■ **Task instructions**: Skip any image you find and restate the rest of the data word for word.

====== Material provided ======

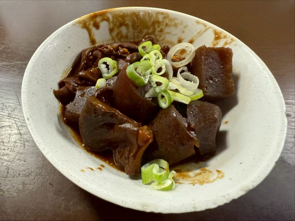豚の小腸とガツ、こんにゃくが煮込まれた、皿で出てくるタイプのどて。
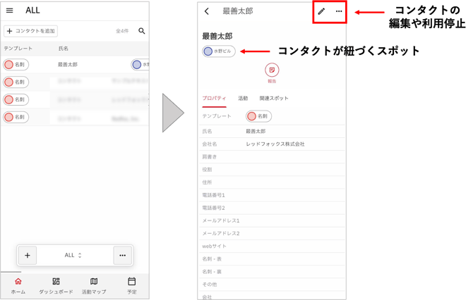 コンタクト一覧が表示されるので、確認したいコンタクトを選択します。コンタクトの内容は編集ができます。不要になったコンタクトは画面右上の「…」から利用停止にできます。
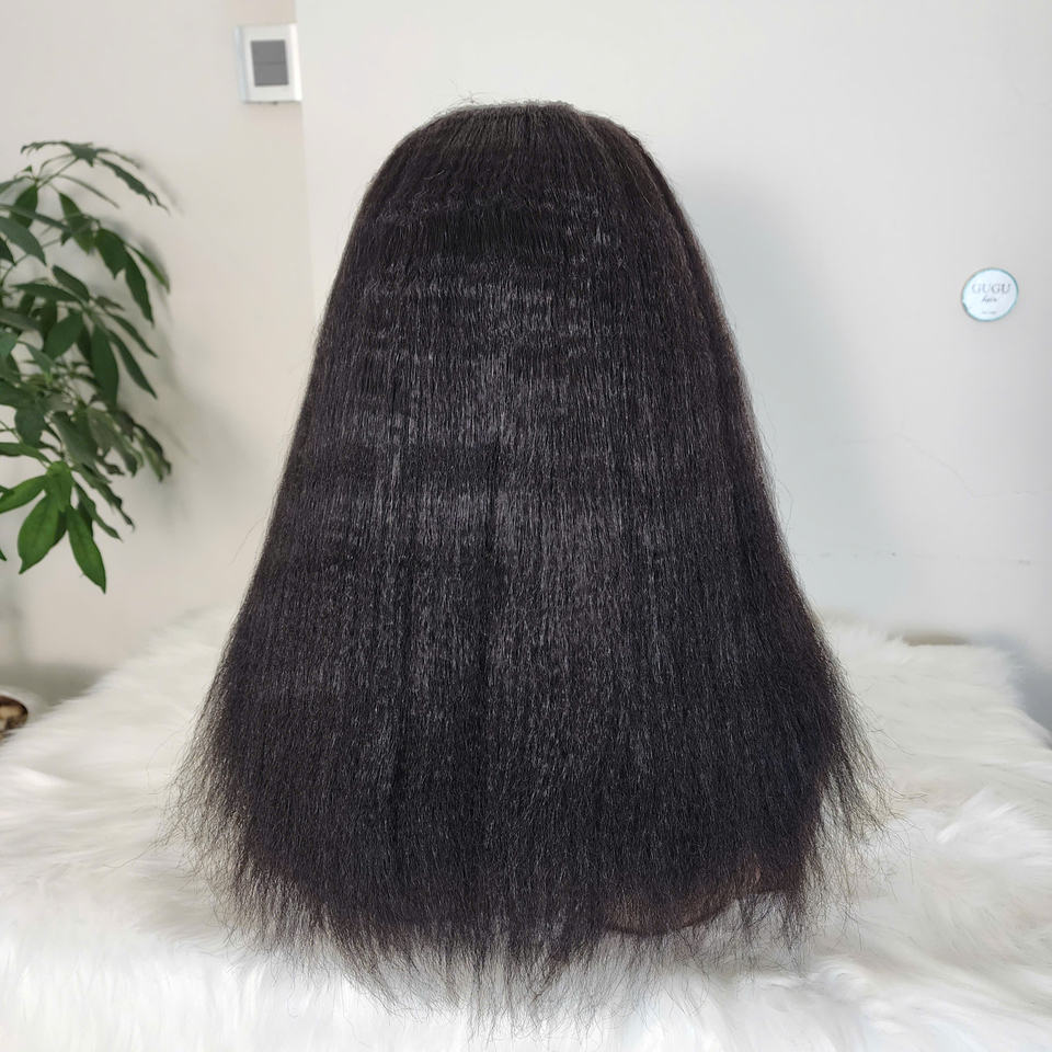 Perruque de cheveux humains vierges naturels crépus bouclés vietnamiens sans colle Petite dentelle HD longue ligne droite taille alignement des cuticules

======

■ **Solution for this task**:
豚の小腸とガツ、こんにゃくが煮込まれた、皿で出てくるタイプのどて。
 コンタクト一覧が表示されるので、確認したいコンタクトを選択します。コンタクトの内容は編集ができます。不要になったコンタクトは画面右上の「…」から利用停止にできます。
 Perruque de cheveux humains vierges naturels crépus bouclés vietnamiens sans colle Petite dentelle HD longue ligne droite taille alignement des cuticules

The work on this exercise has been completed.